As the wind swept across a cornfield from which all but the stalks with one or two flaxen leaves had been stripped, the long leaves streamed and flapped before the breeze like yacht pennants. In the orchards piles of red and of yellow apples shone in the sunlight, and when one still depended from the tree it was as bright as a gilt ball on a Christmas-tree.
The oaks still held their leaves stubbornly, but the blood had gone from them and their color was of tanned leather, deepening in places to a dull maroon. The dry stubble fields, closely cropped mowings, and rank meadows were all aglow with evenly spread color. The stubble fields were purplish, the fields pale yellow, and the meadows deep straw color. Masses of goldenrod stalks were well named, for they were golden brown. Their leaves were dull brown. If as the train dashed between gravel banks I caught a flash of crimson on the sand, I knew that blueberry bushes had caught root there.

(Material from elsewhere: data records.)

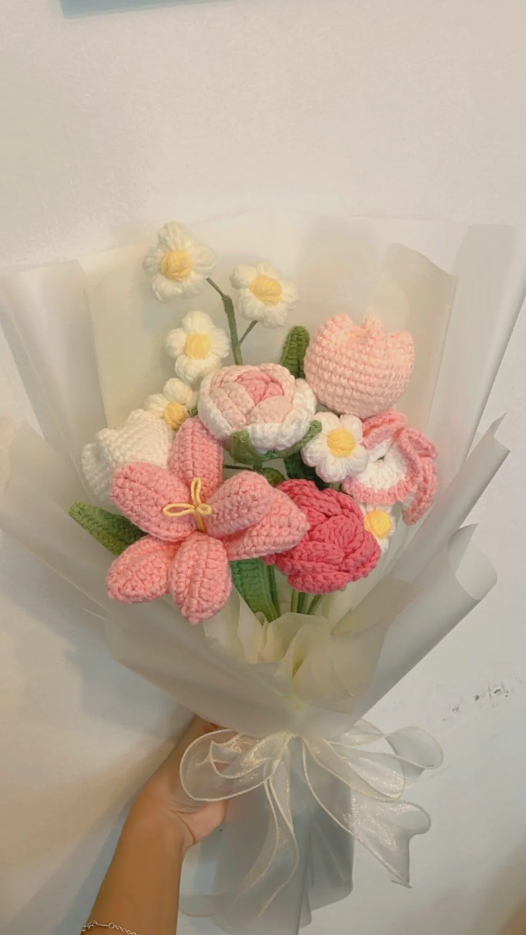 - Flower types: 6-8 stalks of mixed crocheted flowers
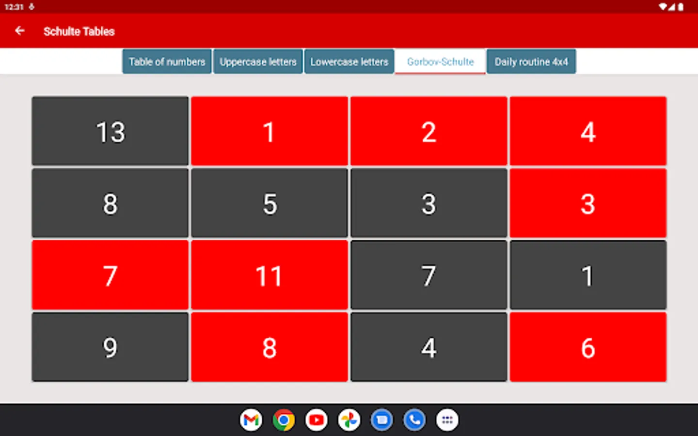 The Schulte table is one of the best apps to stimulate the brain. Among its benefits is the ability to improve concentration and promote memory development. It can even be used as an instrument to improve peripheral vision.
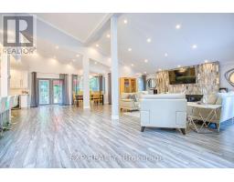Welcome to 3263 Guyatt Road a truly unique rural retreat just minutes from the heart of Binbrook. Nestled on a large, private lot with no rear neighbours and no neighbour to one side, this custom home backs directly onto a serene forest, offering ultimate privacy and a peaceful, nature filled setting. This thoughtfully designed, newly renovated, home features a full bathroom for every bedroom, with three of the four bedrooms offering private ensuites perfect for families or hosting guests in comfort. The primary suite is a luxurious escape, complete with a private balcony, spa-like ensuite, and a dry sauna for the ultimate in-home relaxation. With two furnaces and two air conditioners, year-round comfort is ensured. 3 fireplaces: gas, electric, and Wood(perfect for winter) will add to the coziness. The home also features a 2-car garage, a large driveway with ample parking, and a stone and stucco exterior that offers timeless curb appeal, and a fully finished basement for entertaining. The backyard is a dream come true for outdoor living. Enjoy a swim in the above-ground pool, relax under the gazebo, retreat to the detached sunroom/shed, or unwind in the hot tub gazebo with an outhouse-style setup all while surrounded by tranquil green space. Located just a short drive to Binbrook's town centre, this property offers the best of both worlds: peaceful country living with convenient access to amenities. A rare and special find in one of the areas most desirable rural pockets. (id:61594)
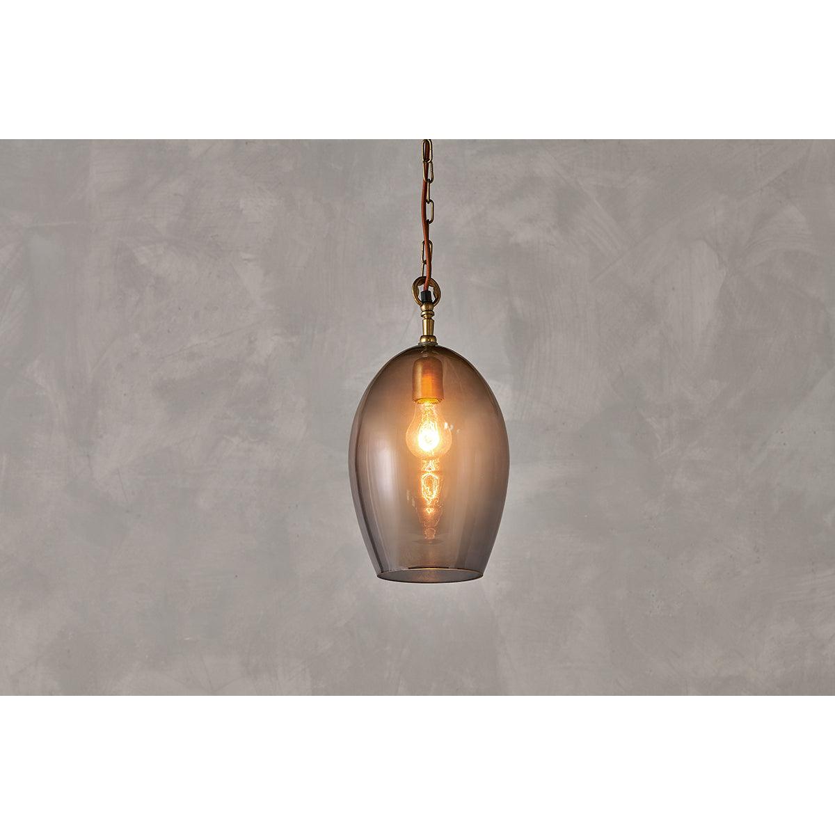 I love this small oval pendant because of its subtle elegance and eco-conscious design. The smoked recycled glass adds a warm, muted tone that works beautifully in contemporary or industrial interiors, adding a touch of understated sophistication. It pairs particularly well with pared-back schemes or natural textures like wood, concrete, or raw metals. Practical styling tips include hanging it in clusters for a layered look or using it as a statement piece above a dining table or kitchen island for a cosy, inviting atmosphere. Its understated shape and colour make it versatile enough to suit both minimalist and eclectic interiors effortlessly.

The daylight faded early, but as the sun sank it poured more and more color into the hills. Reflected rays danced from the window-panes of farmhouses on the high slopes to the east of the track. Such glimpses of isolated buildings have a flavor of home and snugness which no city suggests. The absence of leaves and the presence of many shadows cast by the low November sun revealed more clearly than usual the pleasing contours of glacial hills and their eroded sides. Most of the gravelly products of the glacier are graceful in outline, composed of easy curves or gentle undulations. Not only are the sky lines grateful to the eye, but those which curve forward and back along the line of vision have in them the element of beauty. The cutting of banks by streams leaves many a gentle terrace which advances, retreats, now makes a bold front, the next moment shrinks away in a bow-shaped bay. Ice and water seem to abhor straight lines, but to love rhythmic motion. Upon a small glacial mound shaped like a beehive stood a single pine, brave-limbed and lichen-grown. I have noticed it for years, and something in its pose always suggests “The Monarch of the Glen,” with head erect and every sense alert. It was much fuller of animation than the flock of dingy sheep which at first sight I thought to be moss-covered boulders.

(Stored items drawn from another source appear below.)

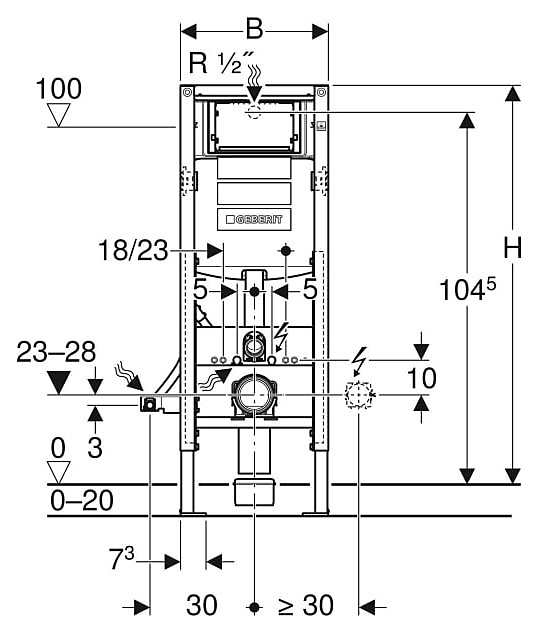 Система инсталляции с бачком Geberit Duofix 111.350.00.5 предназначена для монтажа подвесных унитазов с вылетом до 70 см. Модель представляет собой настенную опорную раму с бачком и регулируемыми по высоте ножками. Инсталляция подходит для гипсокартонных стен, для встраивания в пристенки по высоте рамы или по высоте помещения, для встраивания в фальшстены по высоте помещения, для встраивания в перегородку систем Geberit Duofix по высоте рамы или помещения, для одинарного, двойного смыва или смыва смыв-стоп. Рама подготовлена для крепления крепежных скоб для установки нестандартного санфаянса. Монтаж и сервисное обслуживание смывного бачка скрытого монтажа не требуют использования инструментов. Рама выполнена из стали с антикоррозиийным порошковым напылением. В комплект поставки входят подвод воды R 1/2", совместимый с MF, со встроенным угловым запорным вентилем и маховичком, защитная крышка для окна технического обслуживания, защитные заглушки, комплект для подключения унитаза, соединительное колено, переходная муфта, резьбовые шпильки и набор крепежей. Панель смыва не входит в комплект поставки и приобретается отдельно. Особенности:
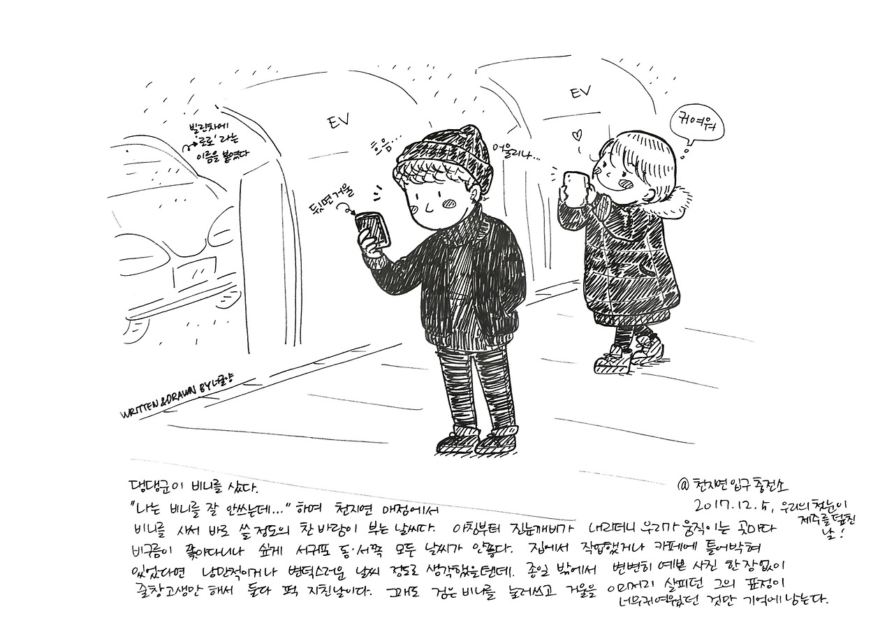 귀갓길에 천지연에 들러 전기차 충전을 하다 그가 머리가 시리다고 검은색 비니를 샀다.
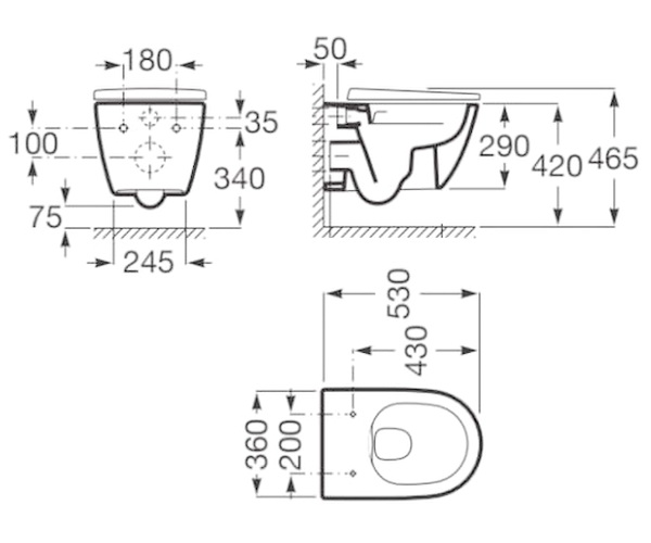 Унитаз подвесной Roca Ona безободковый, белый, с сиденьем дюропласт SC (Z.RU93.1.029.3) микр.лифт.
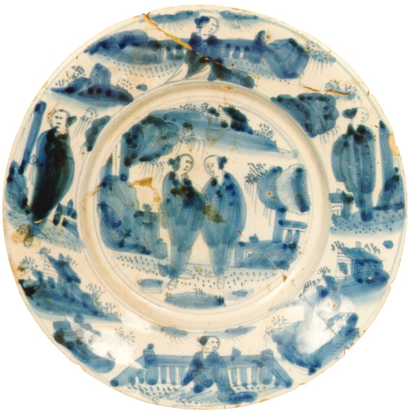 | 5c | vlag en spiegel: Chinezen in landschap blauw |

The sun set not long after four o’clock, and the sky borrowed from it fleeting rosy light. Then the yellow-white steam from the engine billowed past my window, and through it shone the blue-white snow, making the steam seem soiled. As I looked forward at fields which we were approaching, no snow was to be seen, yet as we passed them and I looked back upon the northern side of their inequalities they were wholly white.
When the lamps were lighted in the car my eyes rested, fascinated, upon the gilded axe which always hangs above the car door. Significant emblem of our civilization, which cynically takes unwarrantable risks with life, limb, and property, in order that man may increase his misery by perpetually hurrying!
The gleam of Six Mile Pond told me that the train was in Madison. A moment later I was standing in the crisp night air knocking for supper at the tavern door.
When we say “It is two miles from Madison to Tamworth Iron Works,” we do not tell the whole truth. It would be better to add, “over the top of Deer Hill.” For years Madison has gone to Tamworth over Deer Hill, or else it has stayed at home and wished that Deer Hill was elsewhere. How long grim devotion to the one occupied farm on Deer Hill will force the inhabitants of two townships to ignore the fact that a level road could readily unite them remains to be seen. Deer Hill given back to Charles’s Wain as the only team enduring enough to travel steadily over it would be Deer Hill justly dealt with at last.
At seven o’clock I stood on the crest of this stumbling-block to progress and gazed at its view of sky and forest. The moon struggled with eastern cloud-banks. In the north, white clouds drifted over whiter mountain ridges. Once the peak of Chocorua peeped through its veil and caught upon its marble sides the radiance of the coy moon. After following the road to within a quarter of a mile of the Iron Works, I left it and struck northwestward across the moor towards the Chocorua House. Suddenly I saw an object upon the level stubble which suggested danger. For many years I have lived in dread of meeting and being pursued by a skunk at night. Had the moment arrived? Edging away from the object, I watched it keenly. Did it move? No. Yes! It was turning its head towards me and lifting that dreaded tail straight above its back. Still at least fifteen feet from the beast, I kept steadily on my way in a semicircle round it. The skunk revolved, keeping his head towards me, and then I saw his tail snapped forward irritably. I had reached a stone wall, and, springing upon it, I hooted after the manner of owls, barked after the manner of dogs, and then fled after the manner of men. I neither saw nor smelt anything more of the skunk.
My way took me into the golden beech wood on the border of the moor. The moon, now free from clouds, shed a soft, dim light into the grove. Scarcely a leaf clung to the trees, but upon the ground they were heaped up ankle deep. As there had been crackling ice in all the pools in the road, it was not wonderful that the waters of the leaf-hidden brook were very cold.
An hour after leaving Madison I stood before an open birch-wood fire in Chocorua Cottage. Not only did its warmth appeal to my cheeks and fingers, but something in the whirl of its flames and the snap of its sparks made my heart beat more in tune with all the world.